Second, Eventify can be benchmarked in a full FMM run and compared against other parallelization approaches and paradigms like OpenMP or HPX.
The challenge of both assignments is to execute/schedule tiny to medium-size compute kernels (tasks) without large overheads within the tasking frameworks. We will utilize algorithm knowledge in order to speed things up and circumvent synchronization bottlenecks.
What is the fast multipole method? The FMM is a Coulomb solver and allows to compute long-range forces arising in molecular dynamics, plasma or astrophysics. A straightforward approach is limited to small particle numbers N due to the O(N^2) scaling.

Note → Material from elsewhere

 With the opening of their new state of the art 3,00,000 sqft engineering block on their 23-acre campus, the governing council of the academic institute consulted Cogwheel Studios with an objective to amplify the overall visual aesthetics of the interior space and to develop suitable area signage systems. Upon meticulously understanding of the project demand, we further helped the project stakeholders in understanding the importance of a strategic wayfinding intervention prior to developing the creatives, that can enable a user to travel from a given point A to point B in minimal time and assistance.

Fast summation methods such as PME, multigrid or the FMM are capable of reducing the algorithmic complexity to O(N log N) or even O(N). However, each fast summation method has auxiliary parameters, data structures and memory requirements which need to be provided. The layout and implementation of such algorithms on modern hardware strongly depends on the available features of the underlying architecture.

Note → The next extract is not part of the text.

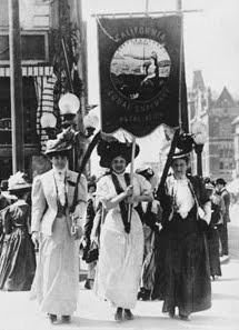 Individuals and groups are coming together to re-enact a suffrage parade that took place in Oakland in 1908-the FIRST suffrage parade in California! Suffrage didn't pass for another three years, in 1911...but women fought hard for decades to get it through.
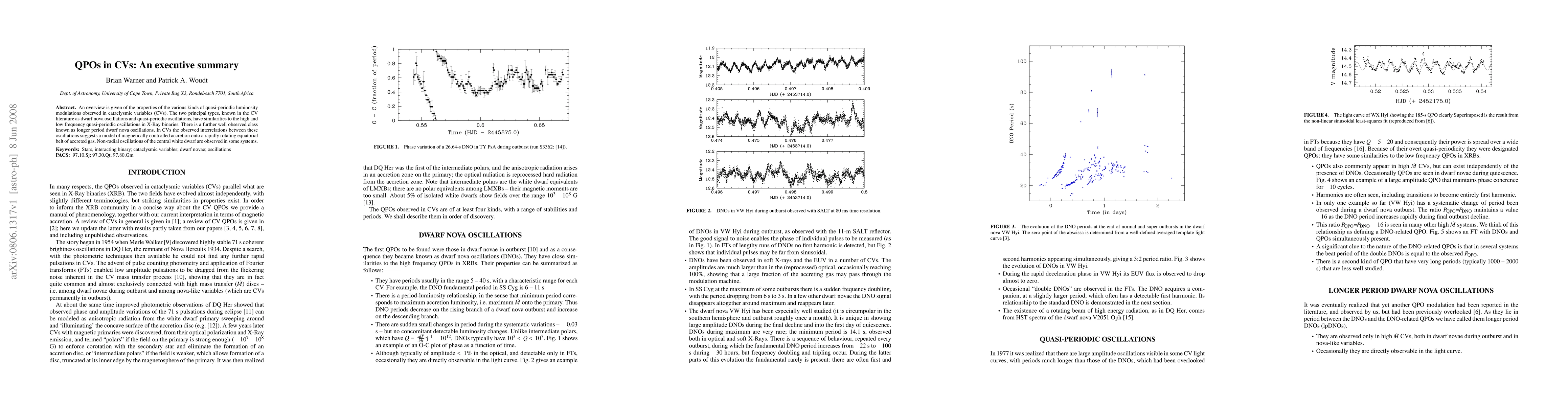 An overview is given of the properties of the various kinds of quasi-periodic luminosity modulations observed in cataclysmic variables (CVs). The two principal types, known in the CV literature as dwarf nova oscillations and quasi-periodic oscillations, have similarities to the high and low frequency quasi-periodic oscillations in X-Ray binaries. There is a further well observed class known as longer period dwarf nova oscillations. In CVs the observed interrelations between these oscillations suggests a model of magnetically controlled accretion onto a rapidly rotating equatorial belt of accreted gas. Non-radial oscillations of the central white dwarf are observed in some systems.

Project Mentor: Ivo Kabadshow
Project Co-mentor: Mateusz Zych
Site Co-ordinator: Ivo Kabadshow
The student will familiarize himself with current state-of-the art HPC harware. He/she will learn how parallelization should be performed on a low level and use this knowledge to utilize/benchmark/extend our tasking framework in a modern C++ code-base. He/she will use state-of-the art benchmarking/profiling tools to test and improve performance for the tasking framework and its compute kernels which are time-critical in the application.

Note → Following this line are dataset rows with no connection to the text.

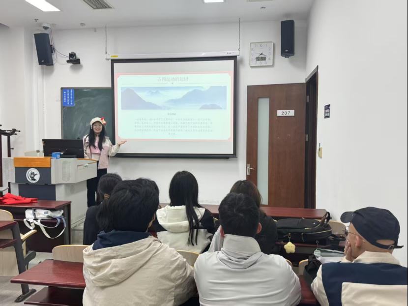 随后来到青春朗诵环节。团员们分组朗诵了《青春》等经典诗篇,用激昂的声音传递着对五四精神的礼赞。在朗诵《五四礼赞》时,朗诵者们情绪饱满,富有感染力,一句“青春的火焰,在百年前的五月四日燃起,照亮了黑暗的中国”,让现场气氛达到顶点,赢得了阵阵掌声。赵梓君表示:“通过朗诵,我更深刻地感受到五四精神的力量,它激励着我们在青春的道路上勇往直前。”
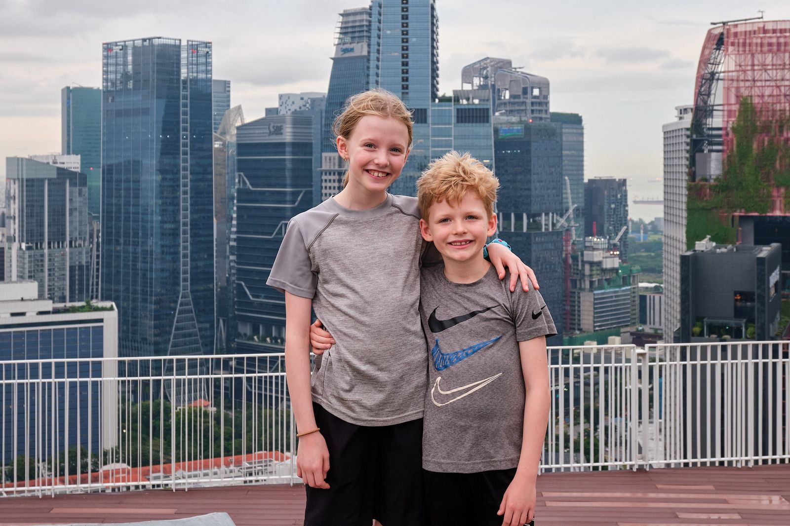 That night, we went to a rooftop I found online. It cost $6 per person, compared to $39 per person at Marina Bay Sands. The view was great and the place was almost empty. That was fun and the kids loved it. They found a huge snail, at least 15cm long. I have no idea how it got up 50 stories at… a snail's pace.
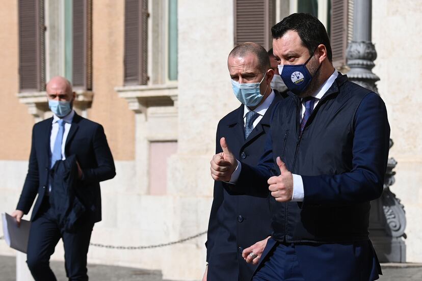 La Liga fue el primero en escuchar el plan de Draghi, que ni en Fráncfort gozaba de un respaldo semejante. El líder de la formación de ultraderecha no le conocía. Se habían visto una vez en un aeropuerto: un “hola y adiós”, admitió Salvini. Pero este segundo encuentro no pudo ir mejor. Un Salvini irreconocible salió encantado de la reunión y anunció que no pondrá condiciones al apoyo. “Hemos tenido media hora de debate sobre la idea de Italia, que en muchos aspectos coincide. Estamos contentos de que en el centro de la discusión esté el desarrollo, el crecimiento, la obra pública, que es lo que necesita Italia para volver a empezar”, afirmó.
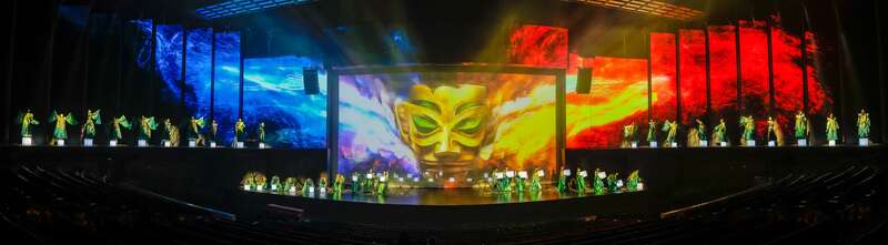 杨乐介绍,本次《金面王朝》升级改造后的表演使用了400余盏舞台灯具,686平方米P3高清4kLED屏幕,4台3w1k流明3LCD高清投影仪,打造180度沉浸式舞台。但相对于表现形式,杨乐认为更重要的是这个秀的内核,也就是传统文化,“技术是为内容、为文化本身服务的。”
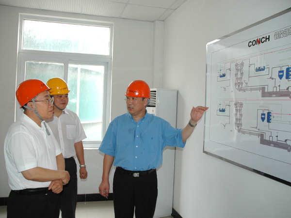 考察过程中,王金山省长边走边看,兴致勃勃,了解余热发电原理和气轮机运行情况。郭文叁等领导详细介绍海螺开发实施余热发电的技术创新及行业优势,纪勤应汇报了以海螺集团为主要实施单位的“十一五”国家科技支撑计划“工业余热节能利用关键技术与装备”重点项目,通过国家科技部组织的可行性论证,以及余热发电技术在行业推广运用等情况。
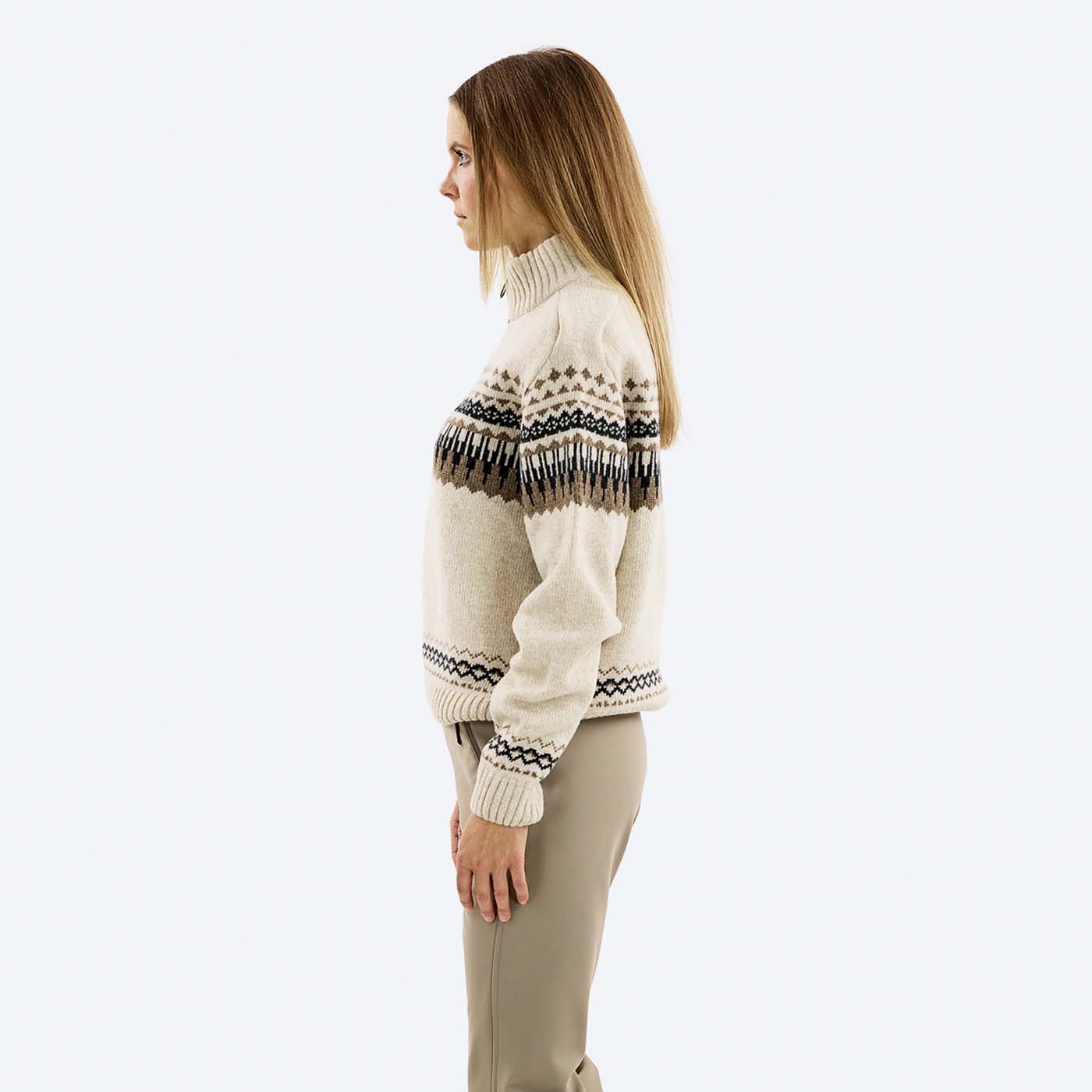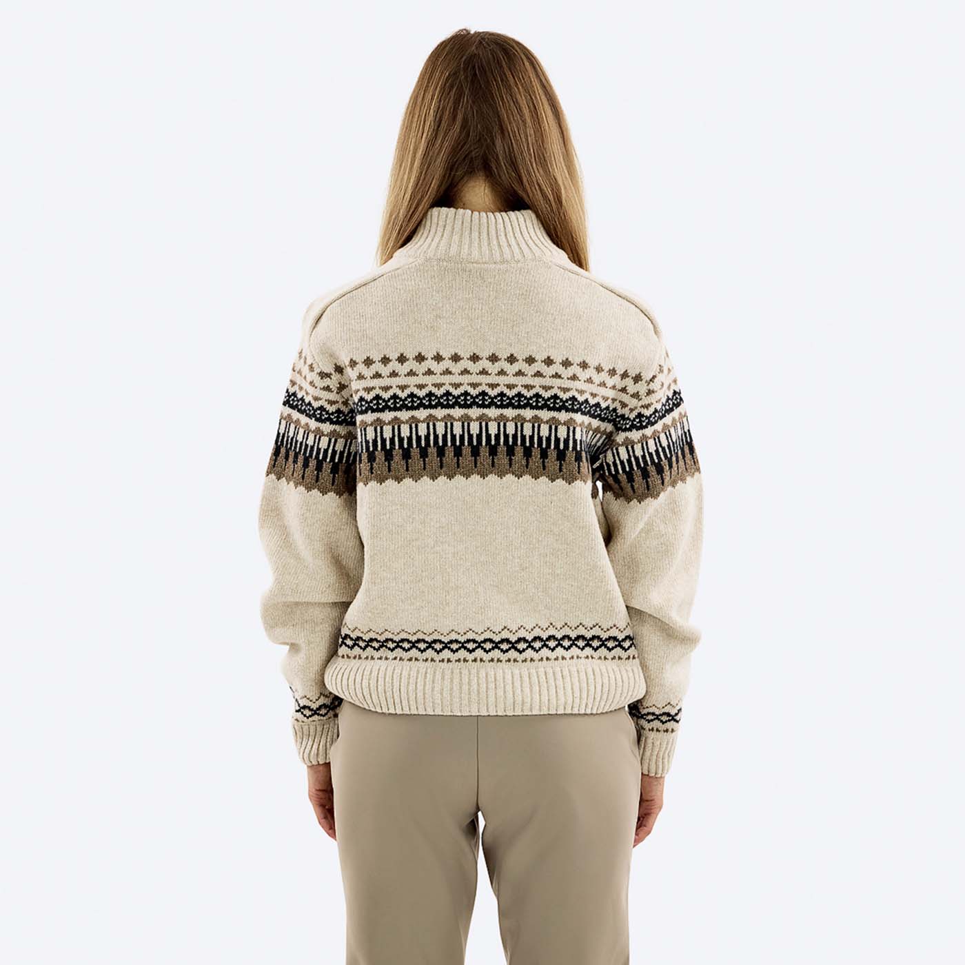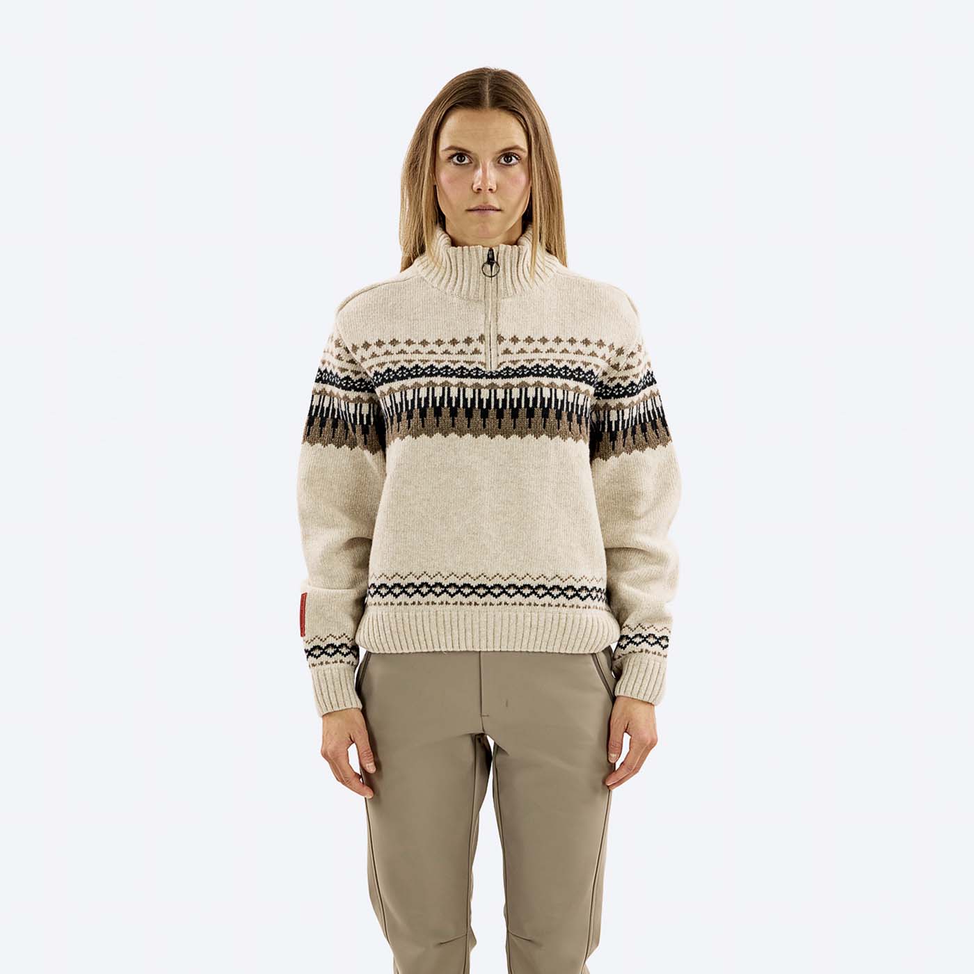 A zippered lambswool sweater with timeless, classic style, designed for comfort on and off the mountain. Featuring a quarter-length zipper and a tall collar, it offers extra warmth on chilly ski days. The slightly shorter, boxy cut adds a modern silhouette to a sweater rooted in tradition and inspired by classic mountain culture.

Special emphasis will be placed on different approaches each tasking framework provides. The student will learn how additional knowledge from the algorithmic workflow and dependencies can influence the parallel performance to improve.
Student Prerequisites (compulsory):
- Programming knowledge for at least 5 years in C++
- Basic understanding of template metaprogramming
- “Extra-mile” mentality
Student Prerequisites (desirable):
- C++ template metaprogramming
- Interest in C++11/14/17 features
- Interest in low-level performance optimizations
- Ideally student of computer science, mathematics, but not required
- Basic knowledge on benchmarking, numerical methods
- Mild coffee addiction
- Basic knowledge of git, LaTeX, TikZ
Just send an email … training material strongly depends on your personal level of knowledge. We can provide early access to the HPC cluster as well as technical reports from former students on the topic. If you feel unsure about the requirements, but do like the project, send an email to the mentor and ask for a small programming exercise.
Week – Work package
- Training and introduction to Eventify and HPC hardware
- Development of a small microbenchmark in OpenMP and HPX
- Development of a small microbenchmark in Eventify
- Comparison of the different tasking frameworks
- Extending parts of the FMM with HPX and/or OpenMP
- Benchmarking of the HPX/OpenMP FMM
- Optimization and benchmarking, documentation
- Generating of final performance results. Preparation of plots/figures. Submission of results.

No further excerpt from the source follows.